• **Exercise objective**:
Look through the listing below for the line containing "Google Play Store". Copy it and each line after it up to and including the line containing "Woman Body Foamが新登場!", exactly, leaving out pictures.

• **Material to process**:
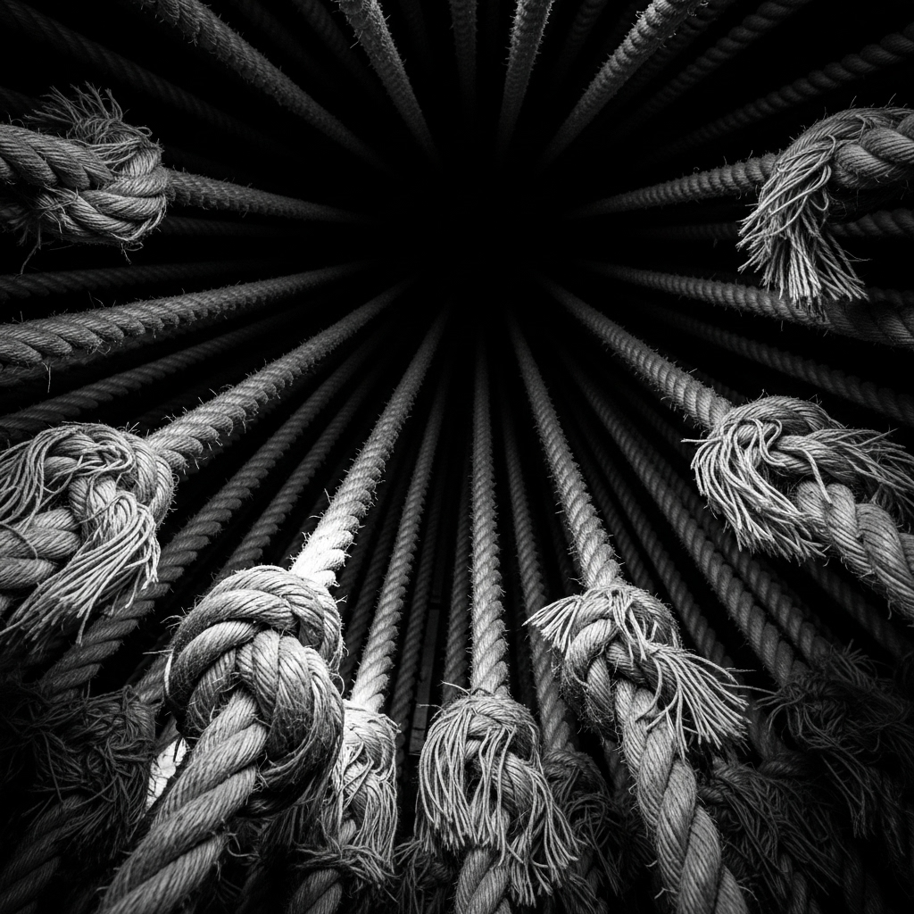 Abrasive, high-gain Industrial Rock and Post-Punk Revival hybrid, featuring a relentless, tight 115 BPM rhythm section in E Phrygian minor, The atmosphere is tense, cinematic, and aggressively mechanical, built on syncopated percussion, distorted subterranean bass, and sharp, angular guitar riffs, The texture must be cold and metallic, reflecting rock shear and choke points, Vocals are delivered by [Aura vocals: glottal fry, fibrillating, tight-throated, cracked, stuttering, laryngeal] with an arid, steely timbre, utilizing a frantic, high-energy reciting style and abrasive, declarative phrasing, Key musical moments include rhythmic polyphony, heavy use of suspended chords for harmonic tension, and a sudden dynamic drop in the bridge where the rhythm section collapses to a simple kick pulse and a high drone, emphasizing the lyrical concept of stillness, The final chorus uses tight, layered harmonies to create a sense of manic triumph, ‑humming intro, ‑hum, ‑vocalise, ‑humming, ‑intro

==

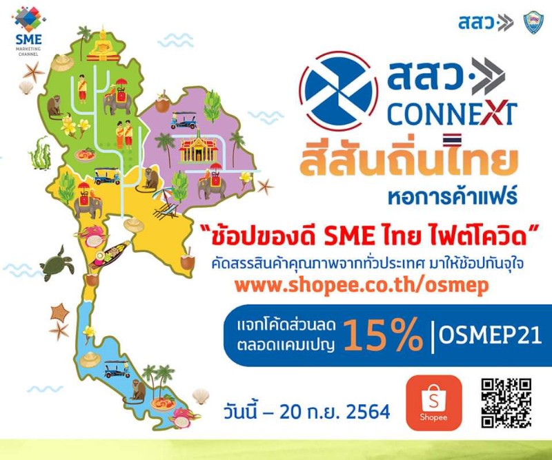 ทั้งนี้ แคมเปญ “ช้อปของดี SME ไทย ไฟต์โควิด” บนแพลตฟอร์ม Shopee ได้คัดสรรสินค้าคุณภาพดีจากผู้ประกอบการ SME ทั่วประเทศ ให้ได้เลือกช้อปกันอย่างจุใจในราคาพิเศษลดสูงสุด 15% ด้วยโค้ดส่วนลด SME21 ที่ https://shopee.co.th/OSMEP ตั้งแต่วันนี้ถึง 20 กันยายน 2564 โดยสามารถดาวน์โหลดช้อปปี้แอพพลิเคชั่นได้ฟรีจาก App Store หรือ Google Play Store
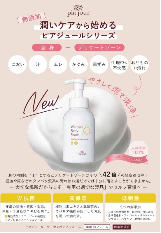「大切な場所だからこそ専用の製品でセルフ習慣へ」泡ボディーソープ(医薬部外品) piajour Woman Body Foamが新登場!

• **The completed task**:
 ทั้งนี้ แคมเปญ “ช้อปของดี SME ไทย ไฟต์โควิด” บนแพลตฟอร์ม Shopee ได้คัดสรรสินค้าคุณภาพดีจากผู้ประกอบการ SME ทั่วประเทศ ให้ได้เลือกช้อปกันอย่างจุใจในราคาพิเศษลดสูงสุด 15% ด้วยโค้ดส่วนลด SME21 ที่ https://shopee.co.th/OSMEP ตั้งแต่วันนี้ถึง 20 กันยายน 2564 โดยสามารถดาวน์โหลดช้อปปี้แอพพลิเคชั่นได้ฟรีจาก App Store หรือ Google Play Store
「大切な場所だからこそ専用の製品でセルフ習慣へ」泡ボディーソープ(医薬部外品) piajour Woman Body Foamが新登場!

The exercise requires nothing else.